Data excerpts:
________________________________________

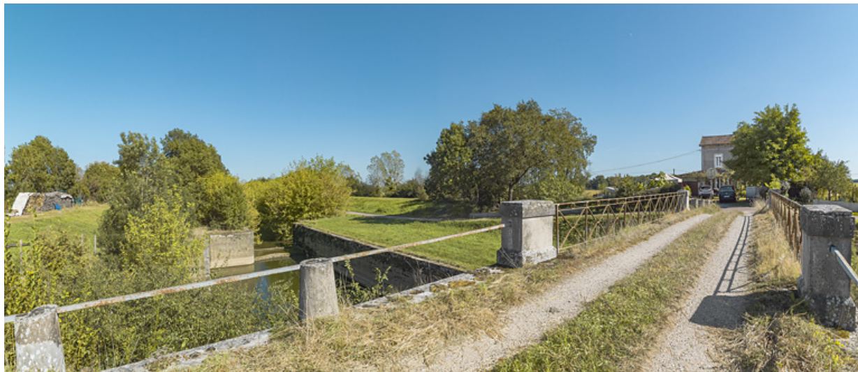
Le site d'écluse vu depuis la rive gauche, au niveau du pont sur écluse.

71, Charnay-lès-Chalon, lieu dit : PK 176
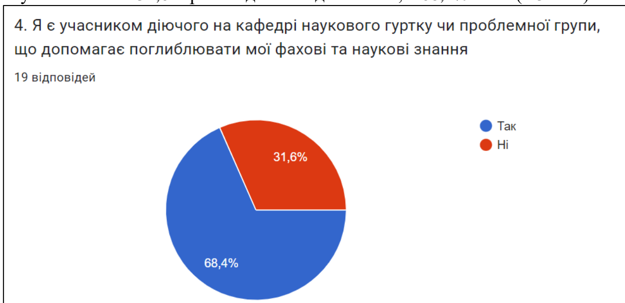
Рис.4. Оцінка діючого на кафедрі наукового гуртку чи проблемної групи, що допомагає поглиблювати мої фахові та наукові знання

При відповіді на питання «Я є учасником діючого на кафедрі наукового гуртку чи проблемної групи, що допомагає поглиблювати мої фахові та наукові знання» 31,6% респондентів відповіли ні, а 68,4% - так ( 13 осіб).
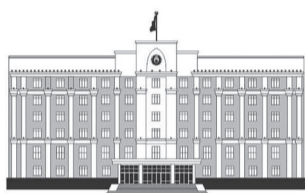
ҚАРАҒАНДЫ ОБЛЫСЫНЫҢ ӘКІМДІГІ

маған көмек сұрап келген жоқ, – деген аймақ басшысы Костенко шахтасында орын алған апатта қаза тапқан кеншілер отбасына
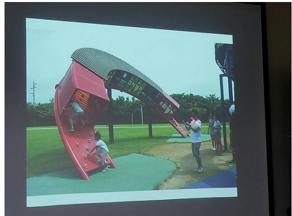
說明：介紹景觀與遊具

________________________________________

### Task item
Across all lines of the data above, count those that contain the word "наукового", giving the number without further comment.

### Worked solution
2